Britain's most senior judge declared last night that there was no place for Sharia courts in this country and insisted that all residents were governed by the laws of England and Wales.


The Lord Chief Justice, Lord Phillips of Worth Matravers, told an audience of several hundred at the London Muslim Centre in Whitechapel that those who chose to live in England and Wales had to accept the laws as they found them.


"There is no question of such [Sharia] courts sitting in this country or such sanctions being applied here.


"So far as the law is concerned, those who live in this country are governed by English and Welsh law and subject to the jurisdiction of the English and Welsh courts," he said.


But Lord Phillips, in one of his last speeches before retiring as Lord Chief Justice to become senior law lord in autumn, defended Sharia principles.


A Muslim was free to practise his or her own faith and live his or her life in accordance with those principles, yet not be in conflict with the law.


People's view of Sharia was often coloured by extremists who "invoke it, perversely, to justify terrorist atrocities such as suicide bombing".


It was not Sharia, but sanctions imposed in some Muslim countries - such as flogging, stoning, cutting off hands, or killing - that would conflict with our laws. "There can be no question of such sanctions being applied to or by any Muslim who lives within this jurisdiction," he said.


Muslim men and women were entitled to be treated the same way as all others, but there was another side to that coin.

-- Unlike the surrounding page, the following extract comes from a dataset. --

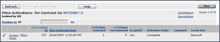 Figure 12 - Contract Price Activations List for a Contract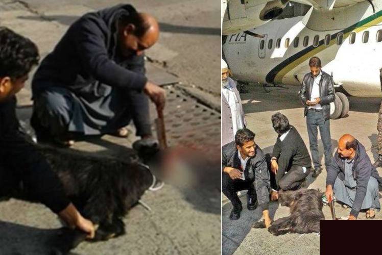 • இனிமேல் விபத்து ஏற்படக்கூடாது! ஆட்டை வெட்டி ரத்தப்பலி கொடுத்த விமான ஊழியர்கள்…!!

"Those who come to live in this country and benefit from the rights enjoyed by all who live here also necessarily come under the same obligations that the law imposes on all who live here."


Lord Phillips also used his speech to defend the Archbishop of Canterbury, Dr Rowan Williams, who created a furore in February when he seemed to suggest that Muslims could be governed in respect of some disputes by Sharia.


The comments were made at a lecture that Lord Phillips had chaired. He said that the Archbishop's lecture had been profound and "one not readily understood on a single listening". He had certainly not suggested that Muslims might be governed by their own system of Sharia. Rather the Archbishop had suggested that it might be possible for individuals to opt to resolve certain disputes under their own choice of jurisdiction.


And it was not "very radical to advocate embracing Sharia in the context of family disputes, for example. Our system already goes a long way towards accommodating the Archbishop's suggestion." People were free to choose a system of mediation or arbitration for the resolution of their disputes - whether Sharia or any other religious code.


Any sanctions or failure to comply with the agreed terms of any mediation would, however, be drawn from the laws of England and Wales. Divorce could therefore be effected only in accordance with the civil law of this country.


Lord Phillips also said that the 1.6 million Muslims living in Britain formed a "vital and valued element of British society", and called for more Muslim lawyers to consider applying to be judges. Before his speech, Lord Phillips was escorted through the Muslim centre in the East End of London.